(Above) Scout Tafoya leads a far-reaching conversation full of allusions with "American Twilight" editor Will Dodson that covers all of Hooper's marginalized TV work and the politics of distrust and paranoia subsumed into all of them, not as a sharpened or pointed political sling (often manifested as satire in those outside works) but as a general malaise of anger and rebellion. The Bush presidential cabinet is a particular target for Hooper's, and the participants', disdain.
(Above) First-hand observer of Hooper's working methods Stan Giesea and someone who looks an awful lot like myself provide, with the help of moderating presence Dr.

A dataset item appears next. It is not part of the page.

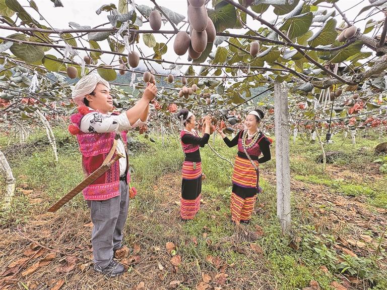 不僅如此,企業(yè)還定期請來農(nóng)業(yè)專家培訓,向村民傳授標準化種植技術(shù)。走進獼猴桃種植基地,正在疏果的村民依青向記者展示新學的技術(shù):“每株保留2到3個果最好,這樣成熟后的果子果形大、甜度高,價格自然也高?!彼胰ツ旮貙W種植,8畝獼猴桃收入5萬多元。以前只會種玉米的她,現(xiàn)在已經(jīng)成了村里的技術(shù)能手。

Will Dodson, PhD, a more focused, smaller-in-scope discussion on ideas barely formed and secrets unlocked, but put forth in the shape Hooper scholarship has so far taken, which is theses, manifestos, and histories yet to be written. "American Twilight" is of course the ideal of where scholarship can go, but we show how a live Hooper seminar might play in the future after a few speech lessons and public speaking tutorials.
(Above) Co-editors Kristopher Woofter, PhD. and Will Dodson, PhD. discuss the themes running through their writers' essays and get surprisingly passionate about underrated Hooper films from The Funhouse to Crocodile and Mortuary. Getting matter-of-fact about Poltergeist is the evolution of Hooper discourse.